Que nós jogamos, diga-se de passagem.

Então hoje, enquanto cantava com eles, me ocorria tudo isso: palavras como dignidade, igualdade social, humanidade. E eu vestia a camisa deles e, embora permanecesse do outro lado da fronteira, aquela da visibilidade, eu tentava me redimir. E ser humana, apenas.

E eis que é Carnaval.


sexta-feira, 14 de fevereiro de 2014

O caminho inverso


Eu estava andando pela Rua do Catete, quando ouvi atrás de mim alguém falando ao telefone:

- Ela conseguiu ver no fundo de mim. Ela viu no fundo de mim e pediu para eu ter paciência. Mas ela viu no fundo de mim.

Fiquei curiosa para saber quem falava aquilo e o observei, quando passou. Era um jovem em seus vinte e poucos anos, talvez menos, aparência descolada, camiseta em tie dye. Ele passou por mim e de repente não pude mais escutar a conversa. Acelerei o passo. Confesso que, discretamente, até dei uma corridinha. Mas, quando o alcancei, ele mandou beijo e desligou o telefone. Droga.

Tive certa inveja. Pela Rua do Catete havia um jovem que fora enxergado por outra pessoa. No fundo de si.

E eu? Quem enxergará no fundo de mim, se nem eu enxergo no escuro? Ali no fundo mais fundo, onde não entra luz. Eu entro apalpando, com medo e com coragem, mas mal distingo as texturas. Intuo, às vezes. Mas enxergar, definitivamente não. Sou cega no escuro de mim, e aí reside o pavor e a liberdade.

Pois eu mergulhava nesse fundo, quando encontrei uma isca. Um amigo querido que veio aqui em casa fazer um suco amoroso. Em vez de hortelã em maço, trouxe-a em vaso, para que houvesse vida após o suco.

Eu mordi a isca da vida da hortelã e, sem que me desse conta, fui puxada para cima, lá onde há luz. Comecei a organizar de fora para dentro. Arranjei muda de manjericão e de ixora. Comprei vasinhos coloridos e mais um vaso enorme, para plantar capim-limão, meu atual sonho de consumo.

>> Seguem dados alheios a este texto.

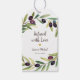 Denna taggdesign för olivolja som bröllagsfavoriter har upp- och nedåtvända akvarell olivgrenar med gröna blad och svarta oliver. Meddelandet "Infused with Love" och namnen är skrivna i en handskriven stil; resten är skrivet i versaler. Ovanför namnen finns ett litet guldhjärta. Bakgrunden är vit.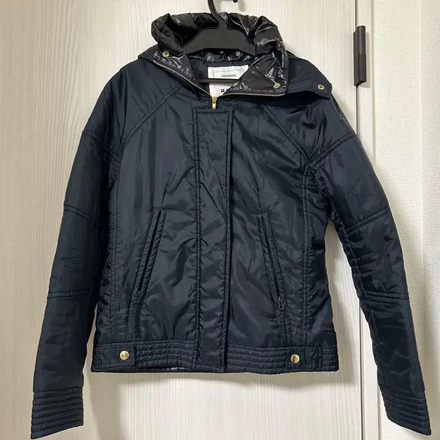 네이비 후드 부착 다운 자켓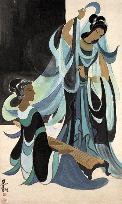While some of the artist's watercolors reflect the influence of contemporary European masters, such as Matisse and Cezanne, his portraits of ancient Chinese women, landscape paintings with birds, and country life scenes, display a harmonious combination between Chinese philosophy and Western art.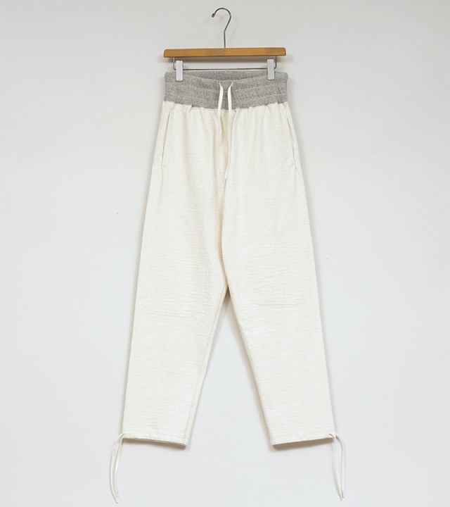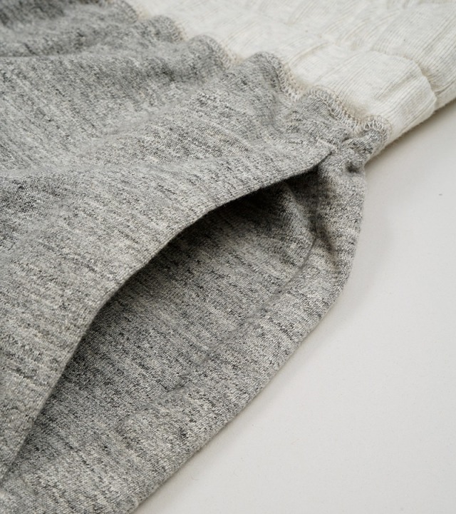 編地の密度を上げつつ、度目(どもく)をコントロールすることで、しっかりした頑丈な着心地を実現しました。ベースにしたヴィンテージは1940年代のUSアーミー、トレーニングパンツ。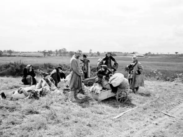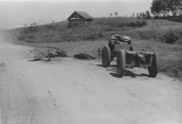 Погибшие советские солдаты, а также мирные жители — женщины и дети. Тела свалены в придорожный кювет, словно бытовой мусор; мимо по дороге спокойно движутся плотные колонны немецких войск.

Vim do Largo do Machado carregando vinte quilos de terra, quase morrendo, claro. Na entrada da vila, larguei um dos sacos, para buscá-lo depois. Um menininho, que brincava de skate, me chamou:

- Moça, ficou um pacote aqui no chão.

- Eu sei. É que está muito pesado. Daqui a pouco volto para buscar.

- Quer ajuda?

- Não precisa. Está pesado mesmo. Vou levar este até a porta e já volto.

Larguei o pacote de dez quilos em casa e, quando ia sair para buscar o outro, me aparece o menininho, com o pacote sobre o skate. Agradeci emocionada e pensando que, depois de criar minhas plantinhas e publicar meu livro, vou querer fazer um filho.

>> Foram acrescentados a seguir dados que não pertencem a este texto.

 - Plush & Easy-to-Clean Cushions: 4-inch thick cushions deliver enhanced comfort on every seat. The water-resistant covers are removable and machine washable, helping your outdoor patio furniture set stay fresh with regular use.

Enchi a floreira com vasinhos de plantas e continuei colorindo, de fora para dentro. Montei estante, pendurei quadros, enchi a cama de almofadas indianas. Meu quarto, que estava uma bagunça, começou a ganhar certa ordem. Sempre de fora para dentro. Fui arrumando, arrumando. Até conseguir, não enxergar, mas me locomover melhor no escuro. O fundo de mim.

Há momentos em que é preciso preencher a vida de cheios para enxergar melhor o vazio, essa matéria de que somos feitos, nós e o universo.

Às vezes é só pegar o caminho inverso.